Records for this task START

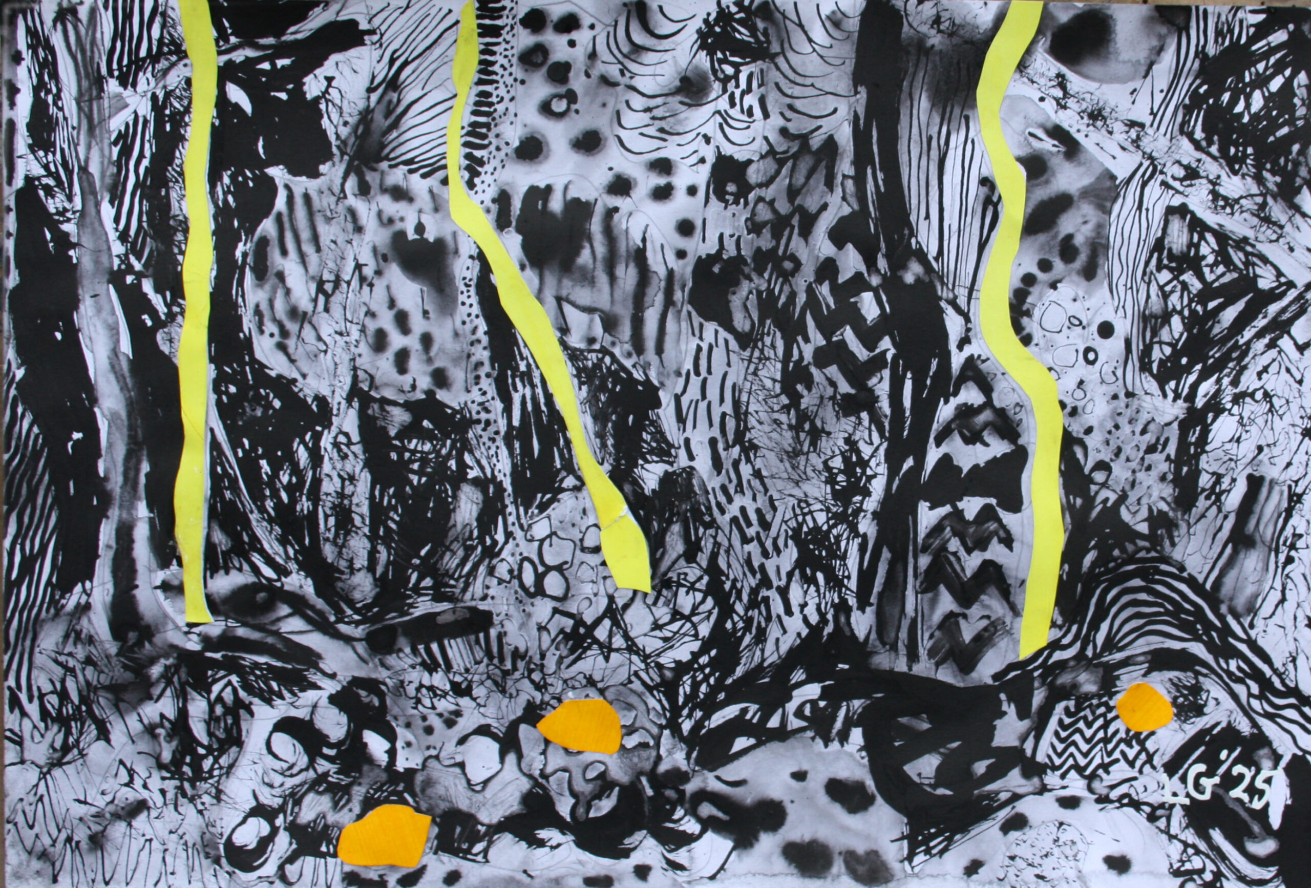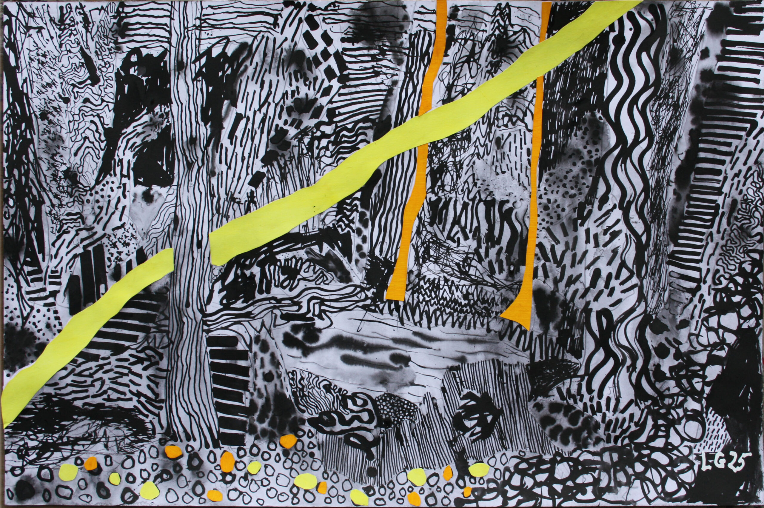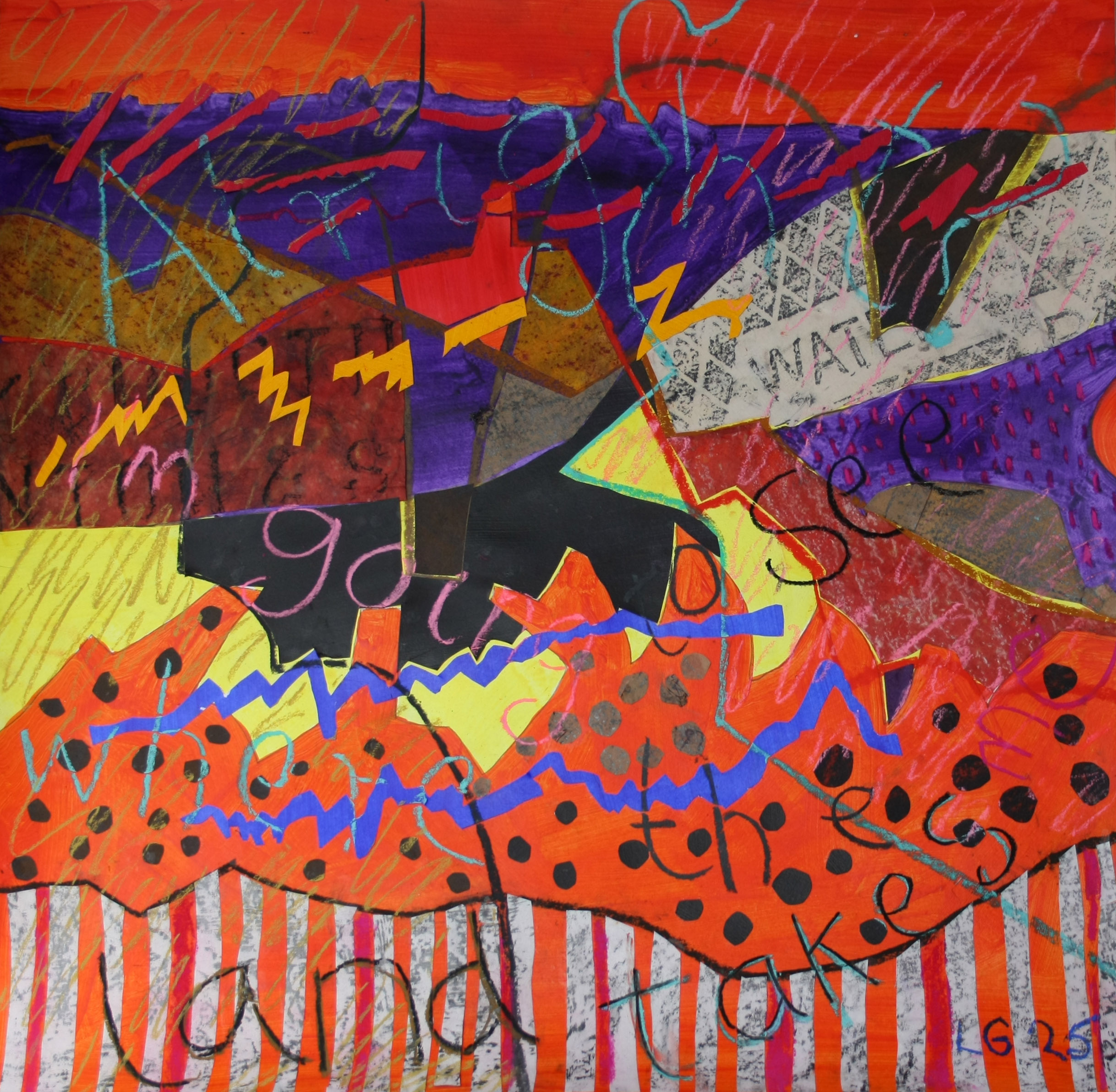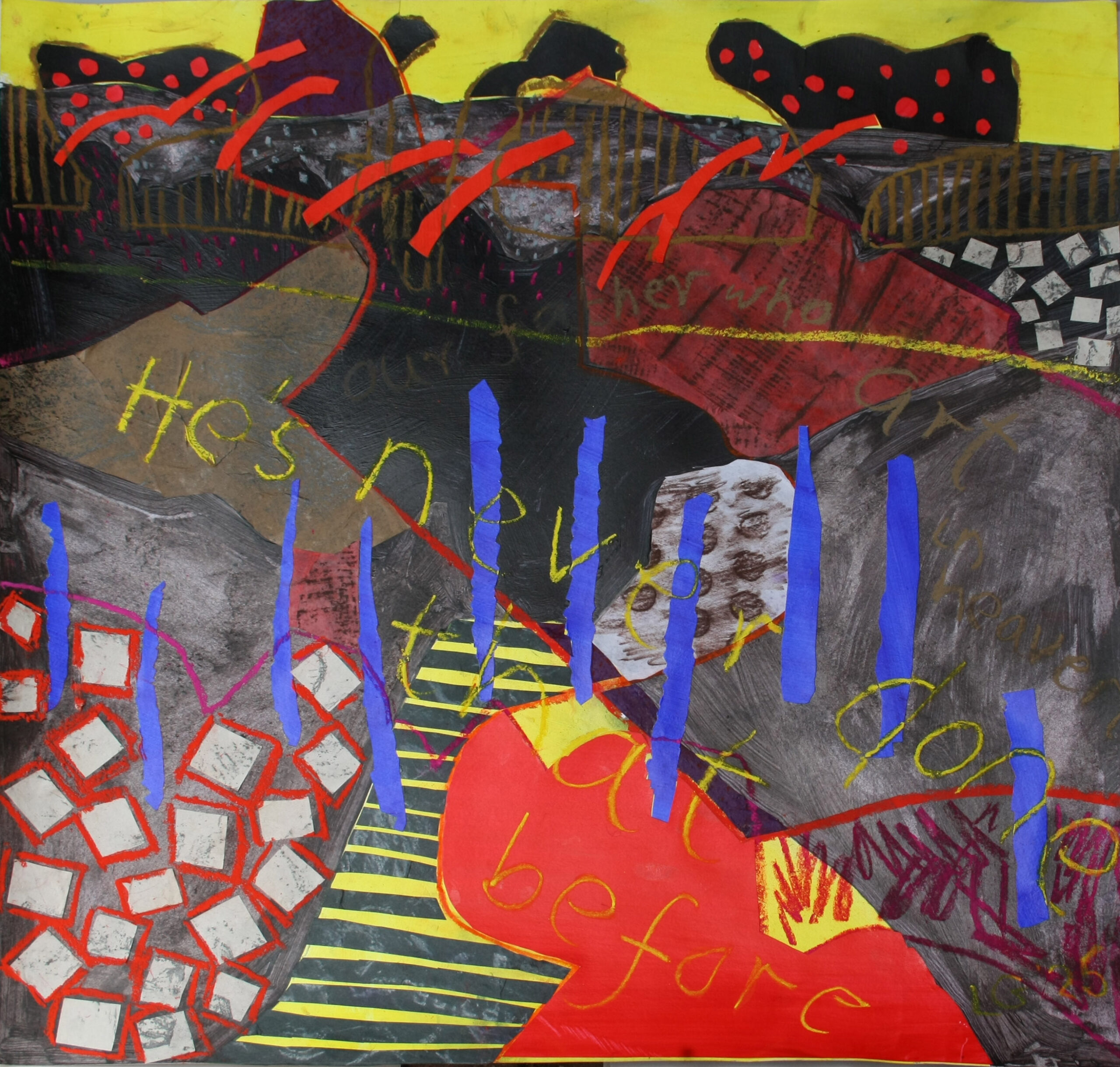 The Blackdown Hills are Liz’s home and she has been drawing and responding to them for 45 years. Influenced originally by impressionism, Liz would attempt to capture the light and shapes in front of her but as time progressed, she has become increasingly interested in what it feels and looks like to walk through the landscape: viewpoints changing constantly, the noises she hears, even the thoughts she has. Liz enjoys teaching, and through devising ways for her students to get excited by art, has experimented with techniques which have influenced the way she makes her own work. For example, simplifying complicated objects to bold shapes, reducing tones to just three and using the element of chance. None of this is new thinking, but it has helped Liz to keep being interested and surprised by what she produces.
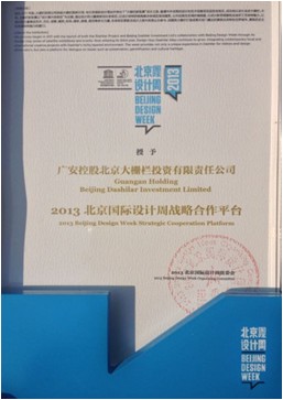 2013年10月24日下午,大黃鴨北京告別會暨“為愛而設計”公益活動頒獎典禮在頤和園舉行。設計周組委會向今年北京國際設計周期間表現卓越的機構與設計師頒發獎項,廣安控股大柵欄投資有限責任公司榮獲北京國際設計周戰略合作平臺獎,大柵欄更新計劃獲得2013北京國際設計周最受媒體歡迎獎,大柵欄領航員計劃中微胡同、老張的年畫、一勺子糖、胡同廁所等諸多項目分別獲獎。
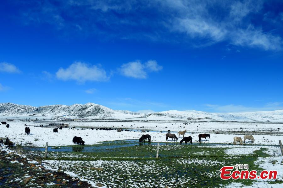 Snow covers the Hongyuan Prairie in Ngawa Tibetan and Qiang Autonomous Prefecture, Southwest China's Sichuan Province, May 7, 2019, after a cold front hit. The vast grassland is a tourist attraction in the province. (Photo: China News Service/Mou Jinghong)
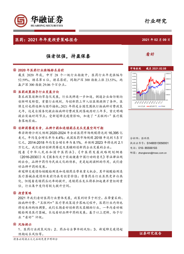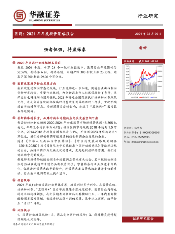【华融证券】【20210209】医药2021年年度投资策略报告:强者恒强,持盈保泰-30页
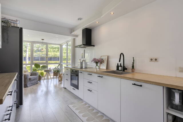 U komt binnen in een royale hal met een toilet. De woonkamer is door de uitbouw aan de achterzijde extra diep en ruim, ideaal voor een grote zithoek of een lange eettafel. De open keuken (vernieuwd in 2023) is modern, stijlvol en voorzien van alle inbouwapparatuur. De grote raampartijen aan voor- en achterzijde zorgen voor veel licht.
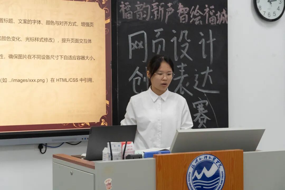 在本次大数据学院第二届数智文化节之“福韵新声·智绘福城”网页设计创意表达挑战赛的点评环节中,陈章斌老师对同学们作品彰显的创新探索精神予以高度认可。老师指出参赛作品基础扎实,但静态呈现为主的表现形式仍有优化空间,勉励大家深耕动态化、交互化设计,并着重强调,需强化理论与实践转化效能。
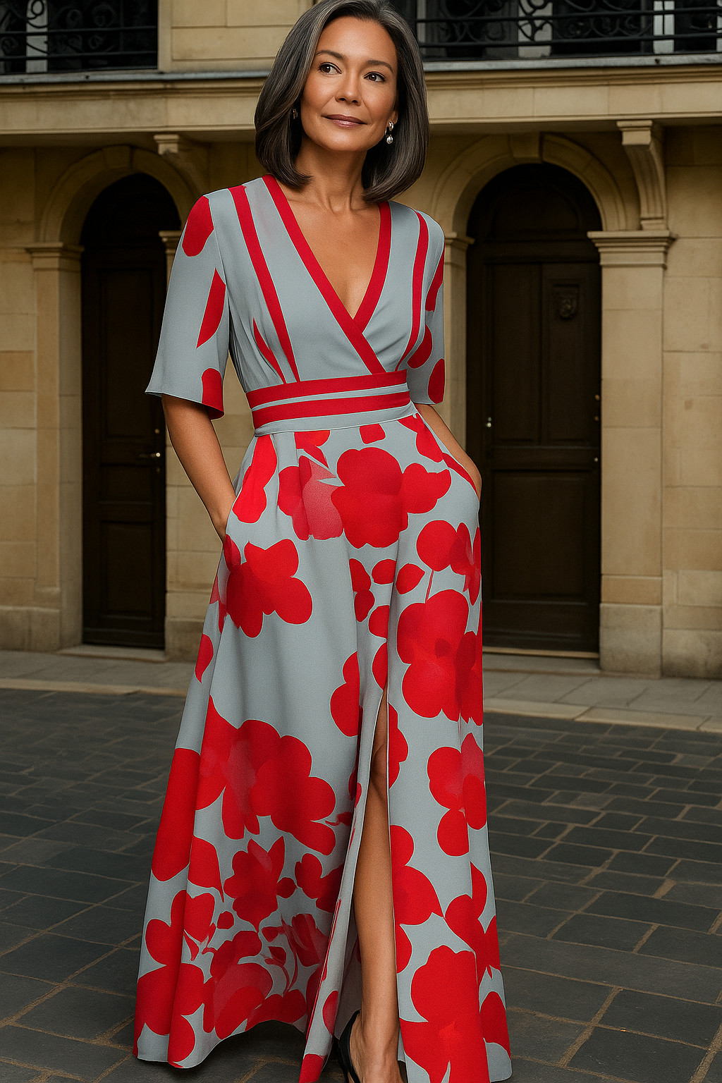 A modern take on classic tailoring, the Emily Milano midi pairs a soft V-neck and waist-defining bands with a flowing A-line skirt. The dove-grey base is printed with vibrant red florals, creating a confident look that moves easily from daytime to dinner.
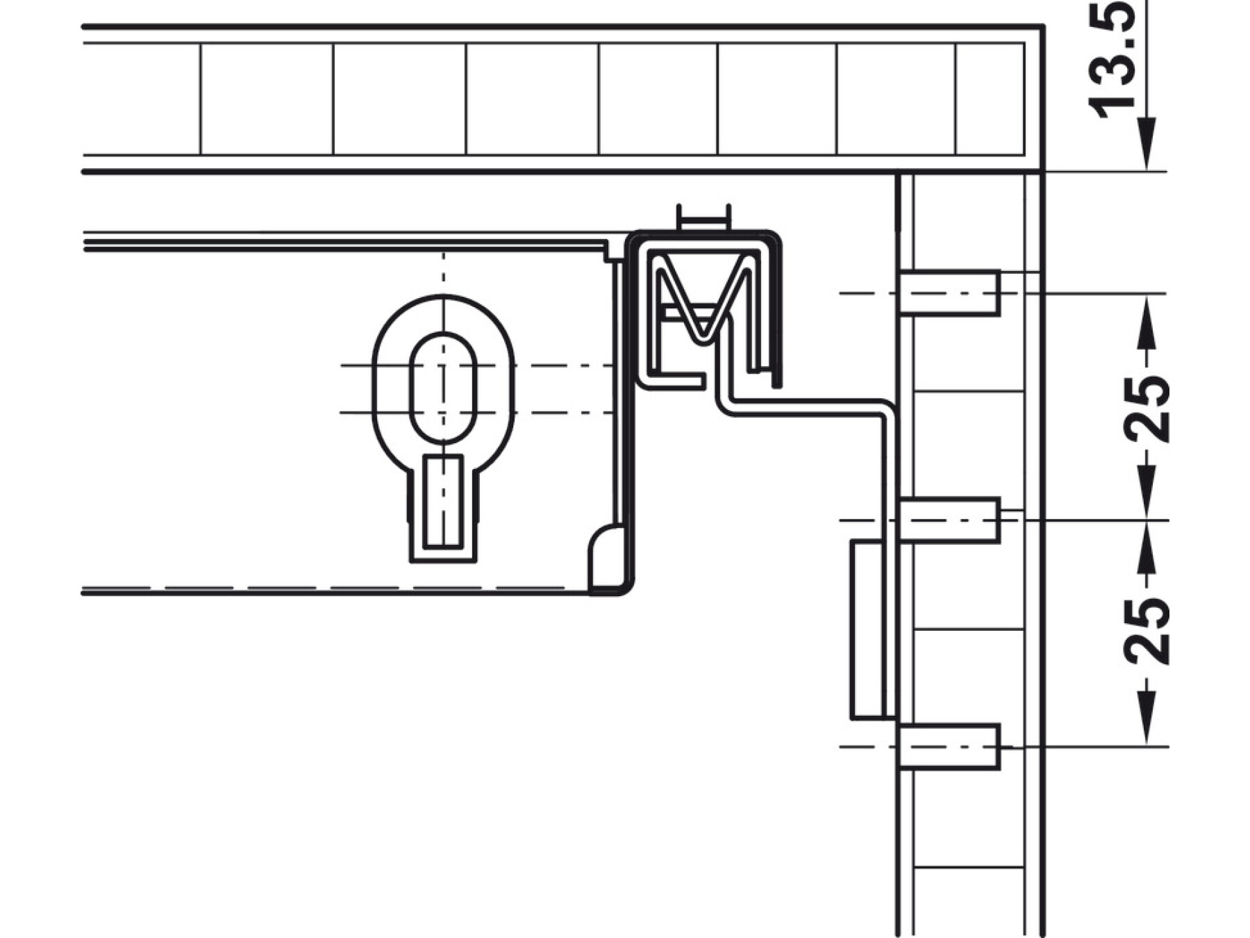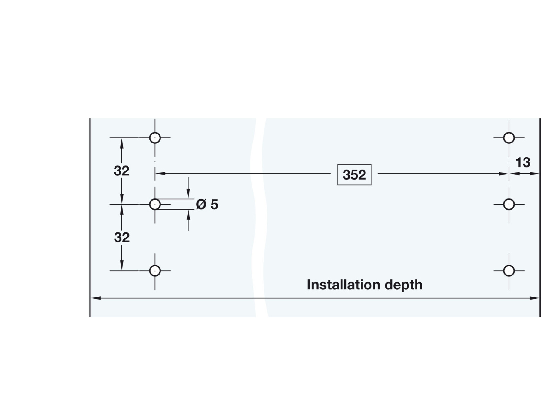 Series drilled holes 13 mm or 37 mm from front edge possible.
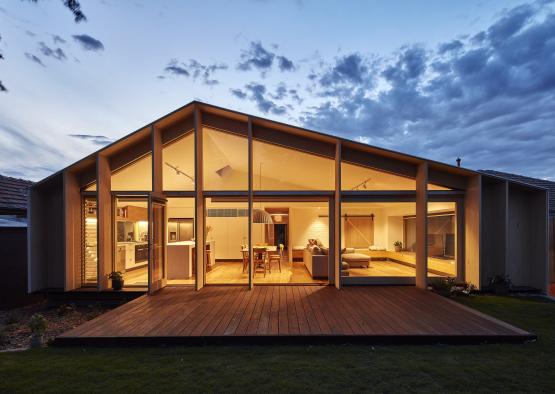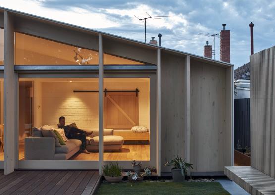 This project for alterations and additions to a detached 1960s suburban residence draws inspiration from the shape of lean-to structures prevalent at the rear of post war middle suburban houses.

Records for this task END

• Task requirements
Everything in the listing except the pictures must come back exactly as written.

• Answer to this problem
 The Blackdown Hills are Liz’s home and she has been drawing and responding to them for 45 years. Influenced originally by impressionism, Liz would attempt to capture the light and shapes in front of her but as time progressed, she has become increasingly interested in what it feels and looks like to walk through the landscape: viewpoints changing constantly, the noises she hears, even the thoughts she has. Liz enjoys teaching, and through devising ways for her students to get excited by art, has experimented with techniques which have influenced the way she makes her own work. For example, simplifying complicated objects to bold shapes, reducing tones to just three and using the element of chance. None of this is new thinking, but it has helped Liz to keep being interested and surprised by what she produces.
 2013年10月24日下午,大黃鴨北京告別會暨“為愛而設計”公益活動頒獎典禮在頤和園舉行。設計周組委會向今年北京國際設計周期間表現卓越的機構與設計師頒發獎項,廣安控股大柵欄投資有限責任公司榮獲北京國際設計周戰略合作平臺獎,大柵欄更新計劃獲得2013北京國際設計周最受媒體歡迎獎,大柵欄領航員計劃中微胡同、老張的年畫、一勺子糖、胡同廁所等諸多項目分別獲獎。
 Snow covers the Hongyuan Prairie in Ngawa Tibetan and Qiang Autonomous Prefecture, Southwest China's Sichuan Province, May 7, 2019, after a cold front hit. The vast grassland is a tourist attraction in the province. (Photo: China News Service/Mou Jinghong)
【华融证券】【20210209】医药2021年年度投资策略报告:强者恒强,持盈保泰-30页
 U komt binnen in een royale hal met een toilet. De woonkamer is door de uitbouw aan de achterzijde extra diep en ruim, ideaal voor een grote zithoek of een lange eettafel. De open keuken (vernieuwd in 2023) is modern, stijlvol en voorzien van alle inbouwapparatuur. De grote raampartijen aan voor- en achterzijde zorgen voor veel licht.
 在本次大数据学院第二届数智文化节之“福韵新声·智绘福城”网页设计创意表达挑战赛的点评环节中,陈章斌老师对同学们作品彰显的创新探索精神予以高度认可。老师指出参赛作品基础扎实,但静态呈现为主的表现形式仍有优化空间,勉励大家深耕动态化、交互化设计,并着重强调,需强化理论与实践转化效能。
 A modern take on classic tailoring, the Emily Milano midi pairs a soft V-neck and waist-defining bands with a flowing A-line skirt. The dove-grey base is printed with vibrant red florals, creating a confident look that moves easily from daytime to dinner.
 Series drilled holes 13 mm or 37 mm from front edge possible.
 This project for alterations and additions to a detached 1960s suburban residence draws inspiration from the shape of lean-to structures prevalent at the rear of post war middle suburban houses.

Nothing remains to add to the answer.